Chickenpox is caused by the varicella-zoster virus (VZV). Children can be protected from VZV by getting the chickenpox (varicella) vaccine. This is usually given between the ages of 12 to 15 months, with a booster shot at 4 to 6 years old. Although some children who are immunized will still get chickenpox, the symptoms are usually much milder than in unvaccinated kids.
"Chickenpox causes a red, itchy skin rash that usually appears first on the abdomen or back and face, and then spreads to almost everywhere else on the body. This includes the scalp, mouth, nose, ears and genitals," says Giselle Namazie, M.D., internist in UCLA's Westlake Village office. The signature rash becomes thin-walled blisters filled with clear fluid, and appears in crops over two to four days. Once the blister wall breaks, infected areas become open sores, which crust over to become dry, brown scabs and eventually heal.

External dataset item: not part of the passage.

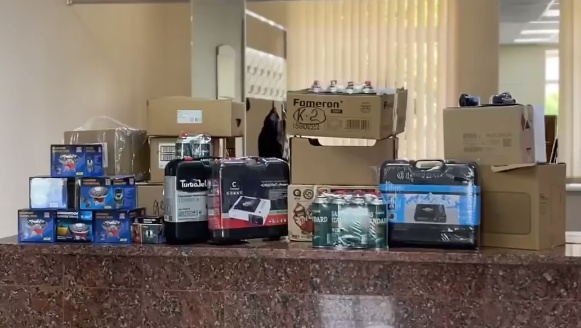 Посылка включает технические средства для нужд военнослужащих. Это газовые баллоны и горелки, походные печки, настольные газовые плиты.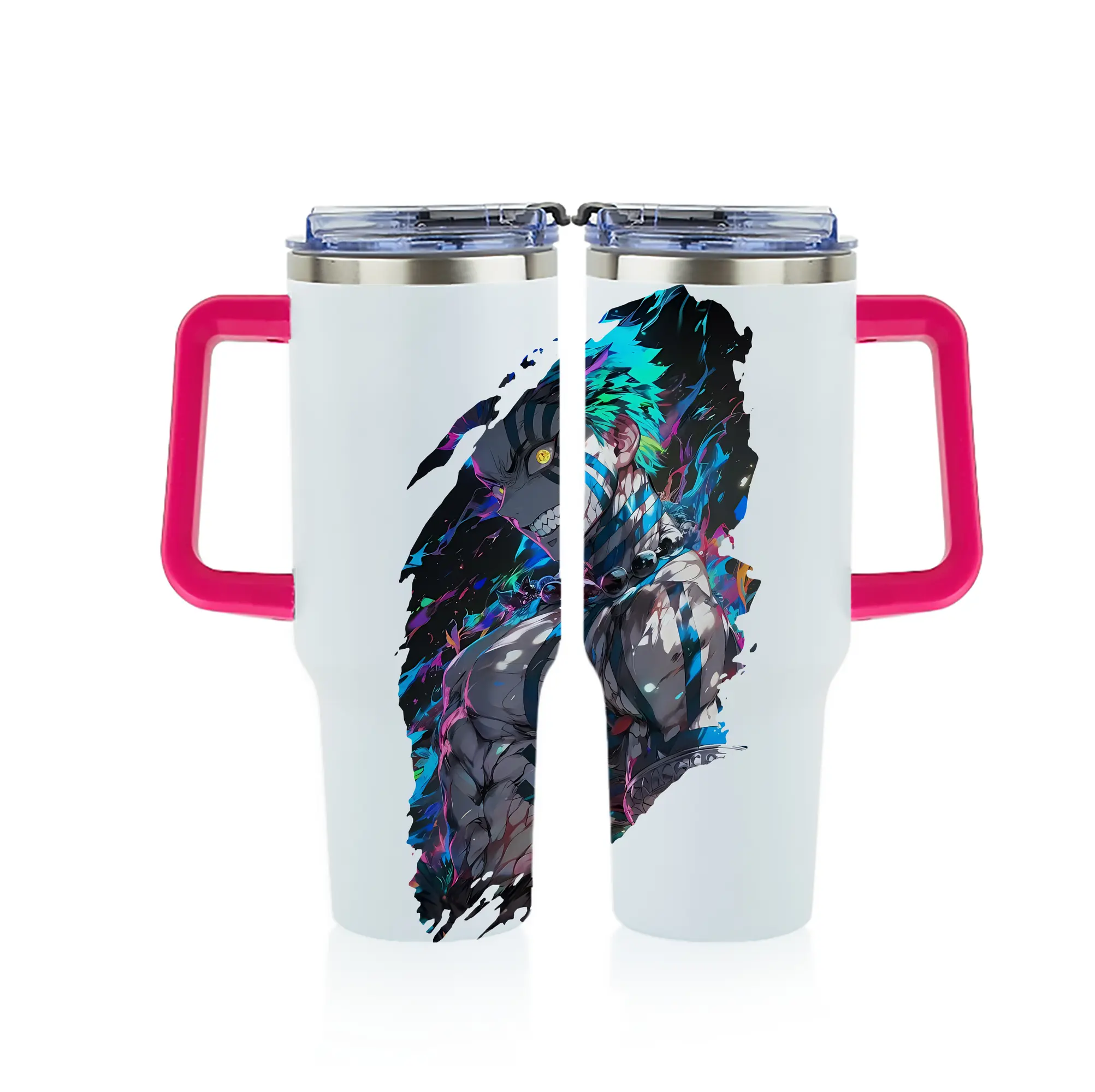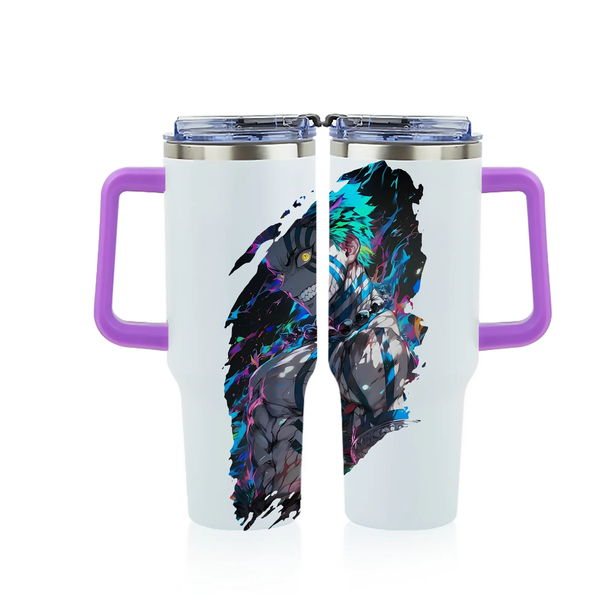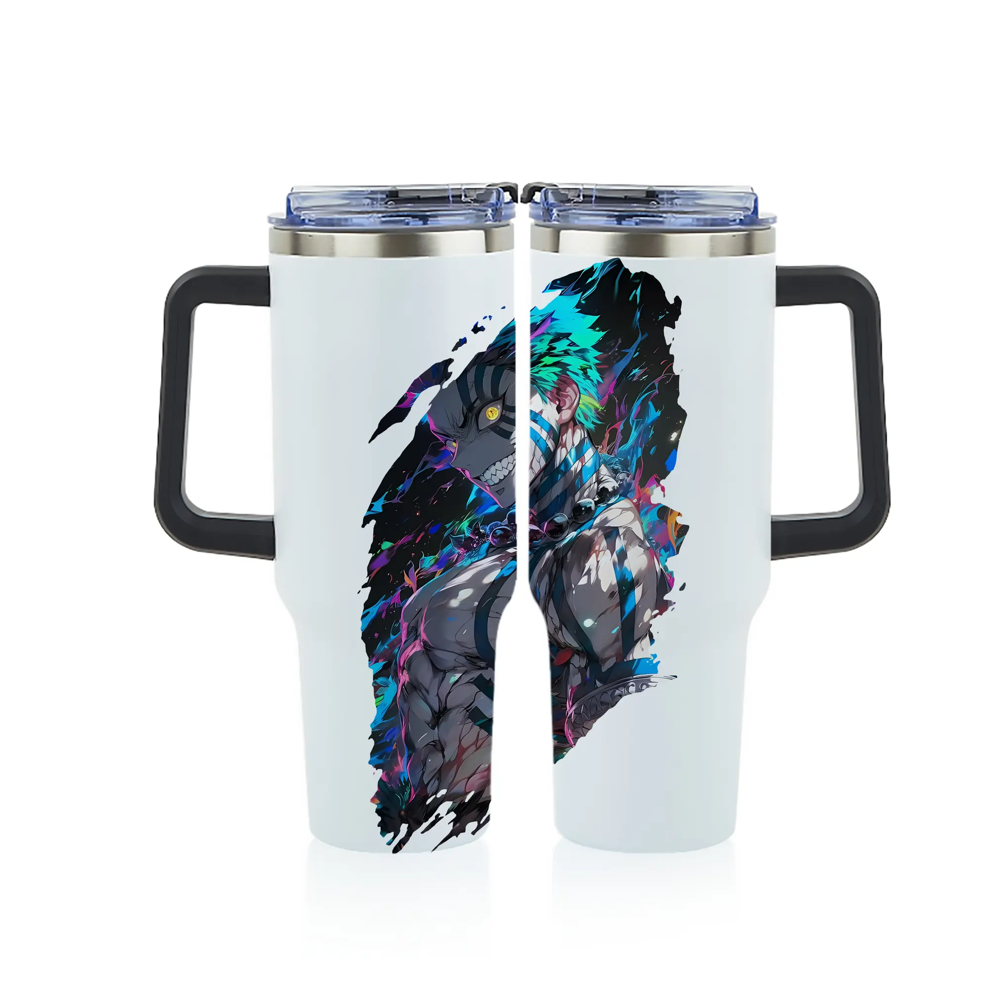 鬼滅の刃 グッズ,猗窩座 - 1200mL フルプリント車用タンブラー ・ 304ステンレス 内側 ・ 201ステンレス 外側 ・ 保温 保冷 ・ 通勤 ドライブ アウトドア用

Some kids may develop a fever, abdominal pain, sore throat or a headache a day or two before the rash appears. These symptoms may last for a few days and the fever usually ranges between 100°-102° F, though in rare cases, may be higher. Parents should consult with their child's pediatrician if they are concerned.
Dealing with discomfort
Tips to prevent spreading chickenpox
Chickenpox is very contagious from about two days before the rash appears until all the blisters are crusted over.
"A child with chickenpox should be kept out of school until all blisters have dried, usually about one week" advises Dr. Namazie. To help keep the virus from spreading, make sure your child washes his/her hands frequently and is kept away from others as much as possible.